Philadelphia is facing a public health crisis:

  1. In 2010, 66.3% of adults and 40.7% of children in Philadelphia were overweight or obese.
  2. Among counties containing one of the largest U.S. cities, Philadelphia County has the highest prevalence of hypertension (34.5%) and heart disease (4.7%), and the second-highest prevalence of obesity (29.3%) and diabetes (10.7%).
  3. Since 2000, approximately 24,000 Philadelphians have died of diseases caused by poor diet and insufficient physical activity.
  4. Nearly half of Philadelphia children are overweight or obese and few have opportunities for regular physical activity. One quarter of the City’s children do not get sustained (30 minutes) even once a week.
  5. On average, 46.9% of children citywide are either overweight or obese.¹

Active transportation can provide a critical source of daily exercise:

“Active commuting to and from school has been associated with an increase in moderate-to-vigorous physical activity and a decrease in body fat in children between 12 and 19 years old.”²

“The U.S. Department of Health and Human Services recommends at least 60 minutes of physical activity for children on most, preferably all days of the week. For children and adolescents, this regular physical activity helps build and maintain healthy bones and muscles, reduces the risk of developing obesity and chronic diseases, reduces feelings of depression and anxiety, and promotes psychological well-being.”³

“In 40 years, the percentage of children using active transportation to get to school has fallen from 48% in 1969 to 13% in 2009.”*

By encouraging regular physical activity-and teaching students how to be safe while doing so-Safe Routes Philly will help our children to live healthier and safer lives.

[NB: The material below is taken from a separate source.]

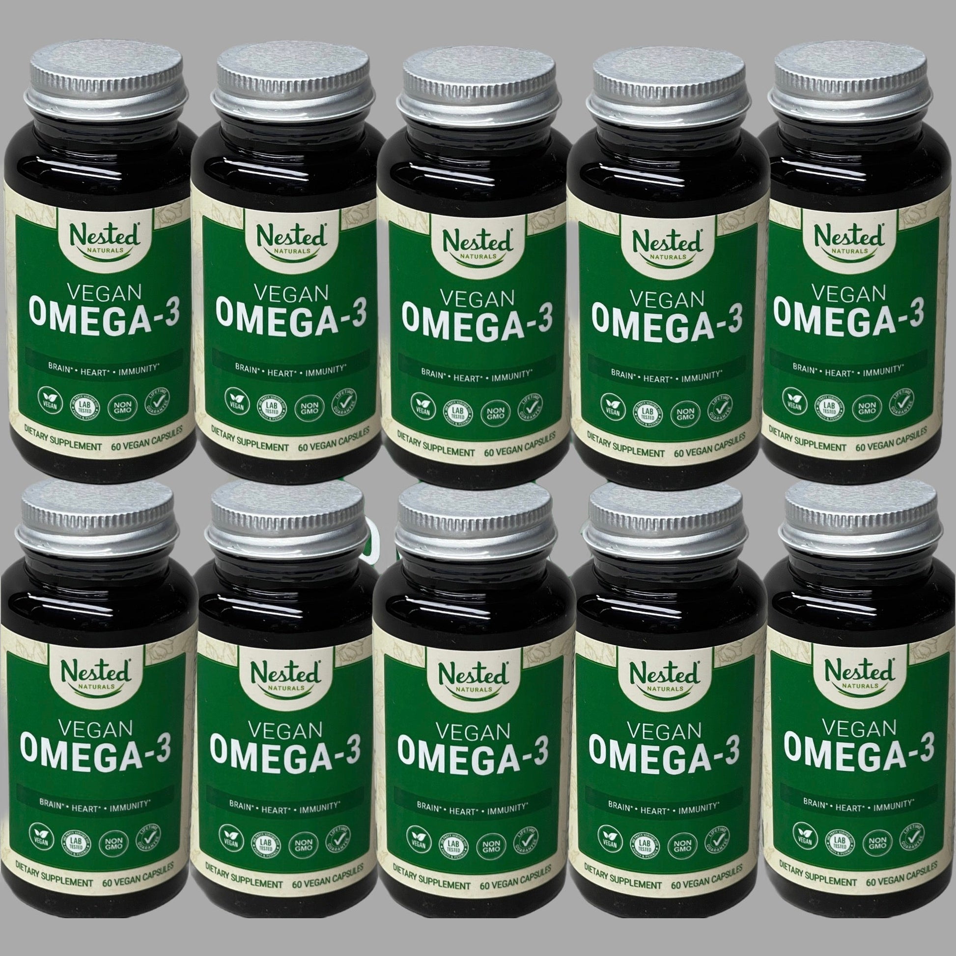 NESTED NATURALS Lot of 10! Vegan Omega 3 & 6 DHA Supplement (Heart, Brain, Joint) 60 Capsules 01/24 (New Other)

¹[Sources: 1) 2010 PHMC Household Health Survey; 2) See Nat’l Ctr. for Chronic Disease Prevention and Health Promotion, U.S. Dep’t of Health and Human Services., Behavioral Risk Factor Surveillance System (2009); Nat’l Ctr. for Chronic Disease Prevention and Health Promotion, U.S. Dep’t of Health and Human Services., Behavioral Risk Factor Surveillance System (2008); 3) Philadelphia Department of Public Health Annual Vital Statistics Reports; Mokdad A et al. “Actual Causes of Death in the U.S. 2000.” Jama, 2004. (291)10:1238-1245.; 4-5) Philadelphia Health Management Corporation, Community Health Data Base, 2008 Southeastern Pennsylvania Household Health Survey]
²Source: 13 – Mendoza, J.A., Watson, K., Nguyen, N., Cerin, E., Baranowski, T., Nicklas, T.A. 2011. “Active Commuting to School and Association with Physical Activity and Adiposity among US Youth.” Journal of Physical Activity and Health 8(4): 488-495.